Start of Block
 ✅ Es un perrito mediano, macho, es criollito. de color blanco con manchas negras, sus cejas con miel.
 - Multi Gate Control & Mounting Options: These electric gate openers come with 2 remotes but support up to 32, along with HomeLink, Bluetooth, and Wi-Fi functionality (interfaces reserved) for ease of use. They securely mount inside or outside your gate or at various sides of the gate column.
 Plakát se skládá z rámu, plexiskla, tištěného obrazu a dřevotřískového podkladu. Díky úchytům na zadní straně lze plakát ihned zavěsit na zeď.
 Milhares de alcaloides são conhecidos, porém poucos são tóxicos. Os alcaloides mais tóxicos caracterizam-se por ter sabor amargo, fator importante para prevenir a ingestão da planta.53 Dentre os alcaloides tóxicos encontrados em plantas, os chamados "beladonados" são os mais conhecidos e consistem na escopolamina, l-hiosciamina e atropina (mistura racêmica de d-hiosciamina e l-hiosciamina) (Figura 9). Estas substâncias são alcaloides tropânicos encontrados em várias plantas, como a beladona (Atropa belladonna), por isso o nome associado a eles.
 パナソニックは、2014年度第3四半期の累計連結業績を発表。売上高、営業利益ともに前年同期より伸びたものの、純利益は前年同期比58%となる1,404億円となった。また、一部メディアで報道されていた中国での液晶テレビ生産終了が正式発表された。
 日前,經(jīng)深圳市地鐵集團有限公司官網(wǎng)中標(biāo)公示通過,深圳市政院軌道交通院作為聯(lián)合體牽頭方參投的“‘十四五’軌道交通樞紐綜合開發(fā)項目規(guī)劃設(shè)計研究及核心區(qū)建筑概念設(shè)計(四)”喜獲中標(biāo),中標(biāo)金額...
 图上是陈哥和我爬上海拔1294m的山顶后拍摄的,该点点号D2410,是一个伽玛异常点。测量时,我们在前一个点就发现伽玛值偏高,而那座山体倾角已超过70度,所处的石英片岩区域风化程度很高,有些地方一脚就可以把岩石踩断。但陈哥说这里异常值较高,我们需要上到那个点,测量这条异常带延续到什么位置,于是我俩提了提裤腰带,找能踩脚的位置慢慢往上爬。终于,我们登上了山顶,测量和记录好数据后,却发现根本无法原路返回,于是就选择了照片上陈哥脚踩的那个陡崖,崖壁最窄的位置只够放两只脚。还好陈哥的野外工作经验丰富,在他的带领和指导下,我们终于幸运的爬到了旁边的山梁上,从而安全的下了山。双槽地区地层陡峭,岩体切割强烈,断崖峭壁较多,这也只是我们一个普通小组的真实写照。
End of Block
Start of Block
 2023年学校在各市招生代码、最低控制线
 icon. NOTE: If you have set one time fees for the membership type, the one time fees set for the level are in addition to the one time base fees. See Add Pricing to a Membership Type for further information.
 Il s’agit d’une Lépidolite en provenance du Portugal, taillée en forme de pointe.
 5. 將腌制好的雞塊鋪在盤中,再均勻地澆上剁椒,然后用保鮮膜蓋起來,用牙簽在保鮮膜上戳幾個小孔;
End of Block
Start of Block
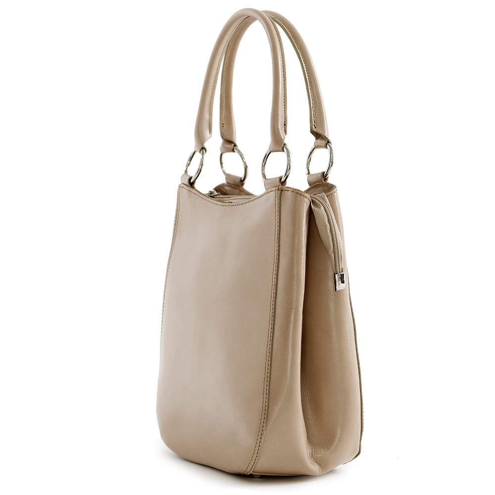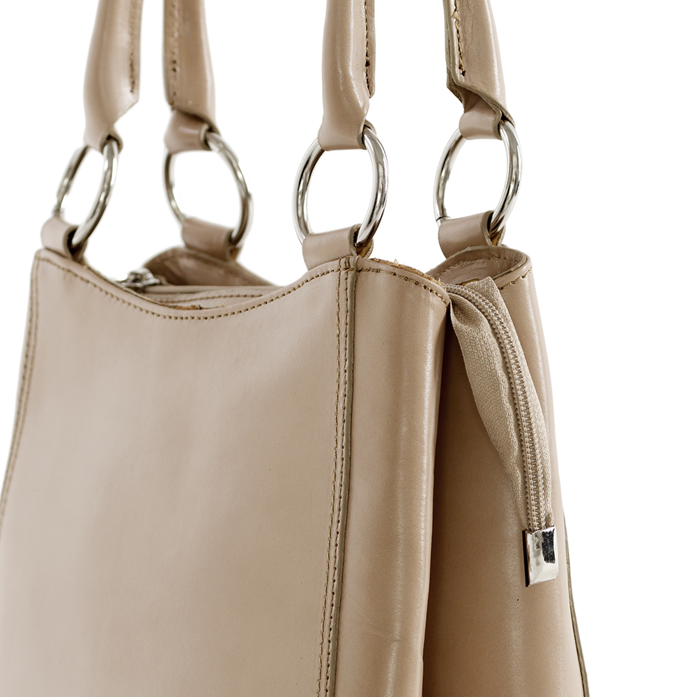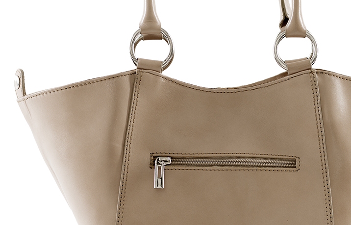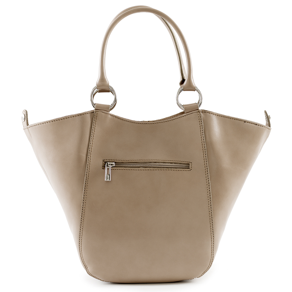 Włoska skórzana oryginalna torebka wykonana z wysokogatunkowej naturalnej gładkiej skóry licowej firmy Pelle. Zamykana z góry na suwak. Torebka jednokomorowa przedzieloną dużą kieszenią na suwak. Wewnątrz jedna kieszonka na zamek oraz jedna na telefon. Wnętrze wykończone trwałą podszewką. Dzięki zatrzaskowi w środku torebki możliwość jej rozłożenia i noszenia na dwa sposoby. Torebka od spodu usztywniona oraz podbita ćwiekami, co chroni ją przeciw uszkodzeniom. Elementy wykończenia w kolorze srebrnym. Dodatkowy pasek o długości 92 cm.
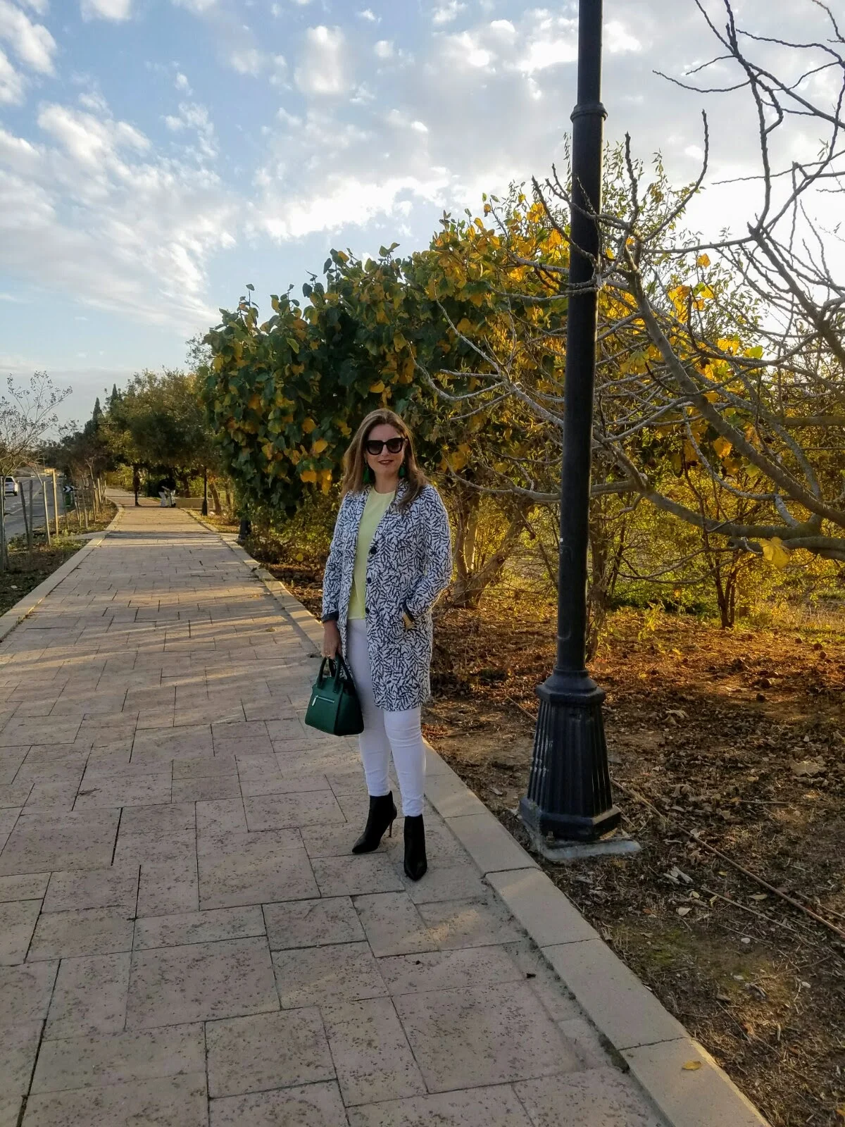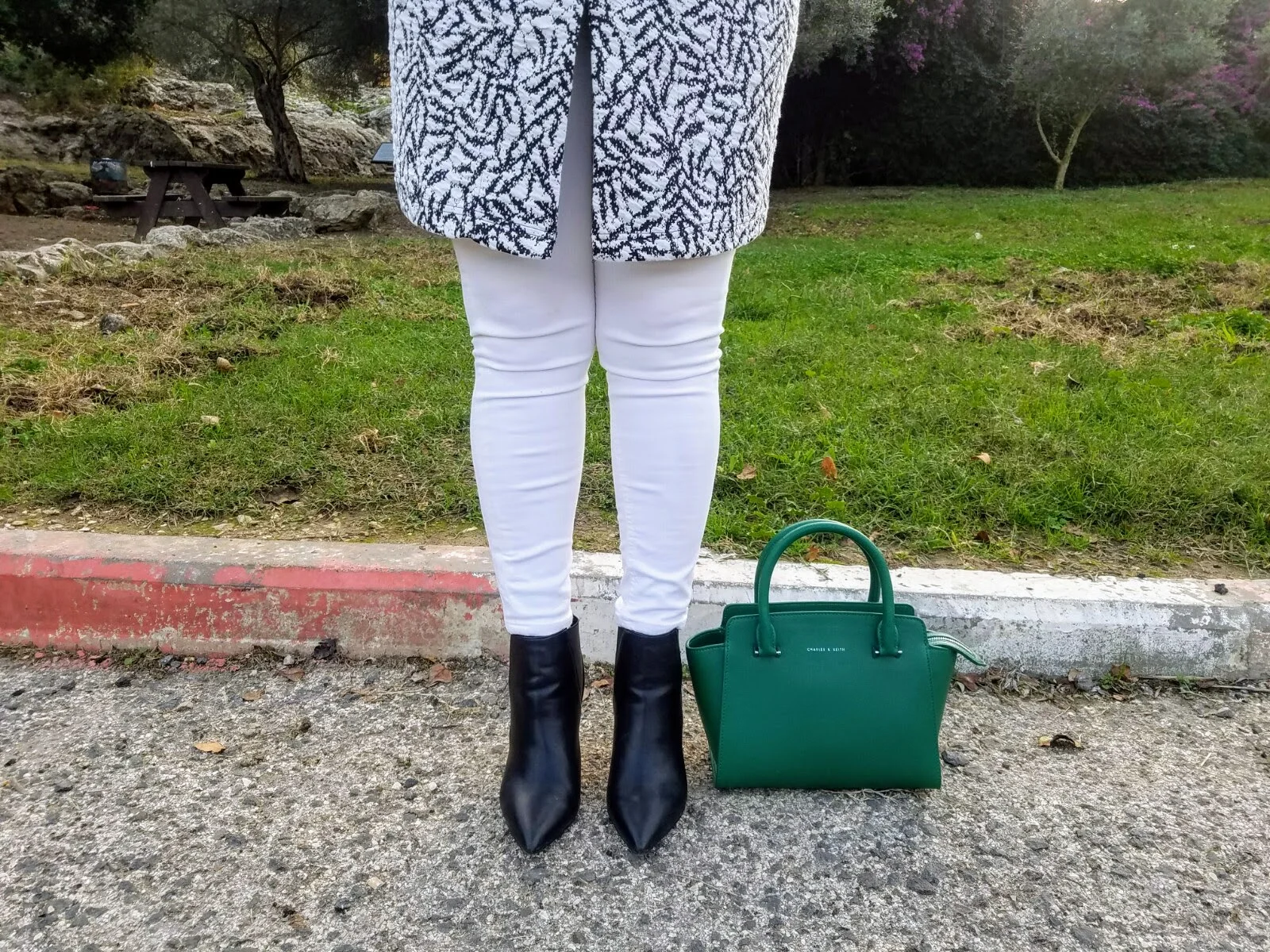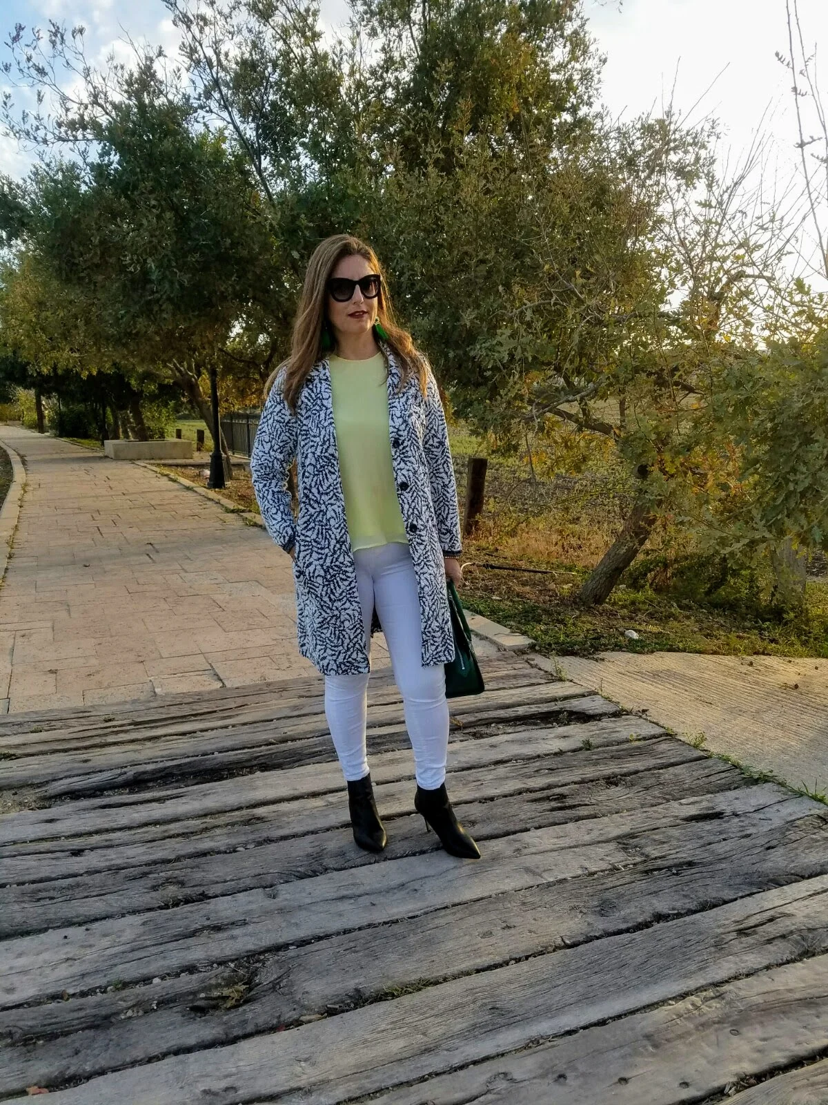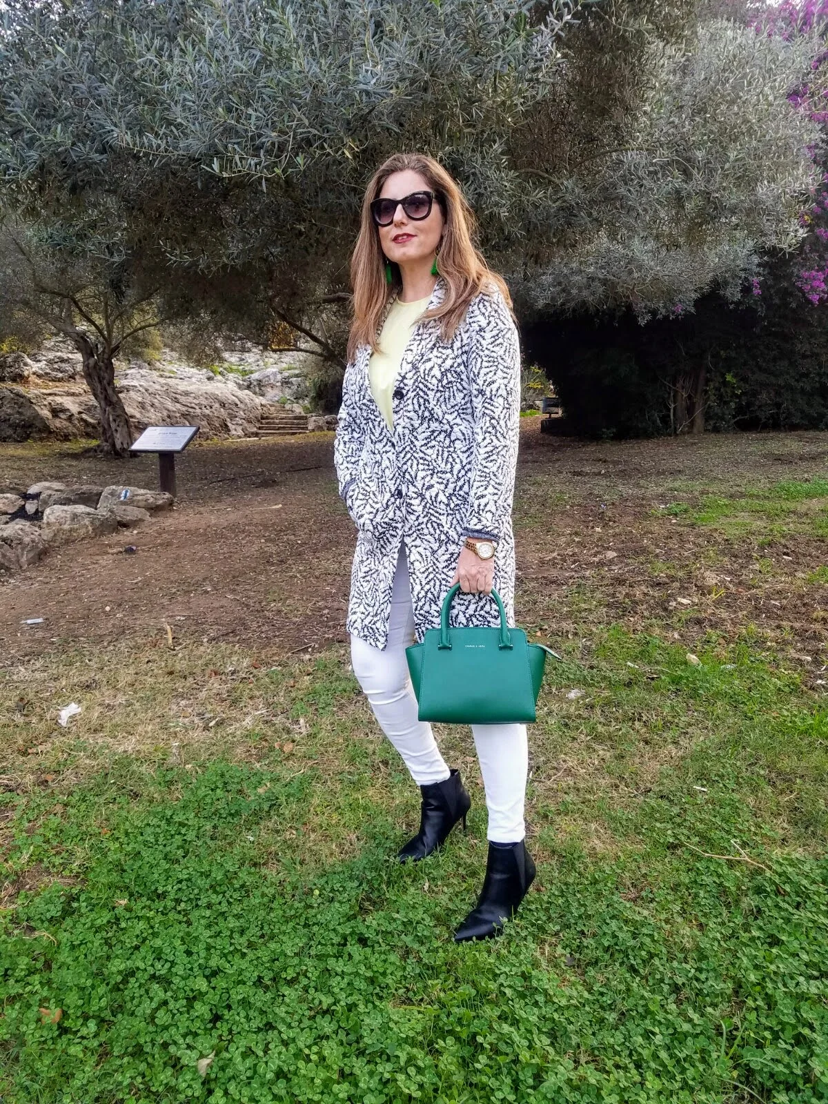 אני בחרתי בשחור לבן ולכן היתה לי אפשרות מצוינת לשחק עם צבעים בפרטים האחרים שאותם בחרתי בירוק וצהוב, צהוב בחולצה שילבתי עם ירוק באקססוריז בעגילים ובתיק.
End of Block
Would you print, exactly as written, every line above from the one holding "2023年学校在各市招生代码、最低控制线" through the one holding "5. 將腌制好的雞塊鋪在盤中", with both included and no other lines?

 2023年学校在各市招生代码、最低控制线
 icon. NOTE: If you have set one time fees for the membership type, the one time fees set for the level are in addition to the one time base fees. See Add Pricing to a Membership Type for further information.
 Il s’agit d’une Lépidolite en provenance du Portugal, taillée en forme de pointe.
 5. 將腌制好的雞塊鋪在盤中,再均勻地澆上剁椒,然后用保鮮膜蓋起來,用牙簽在保鮮膜上戳幾個小孔;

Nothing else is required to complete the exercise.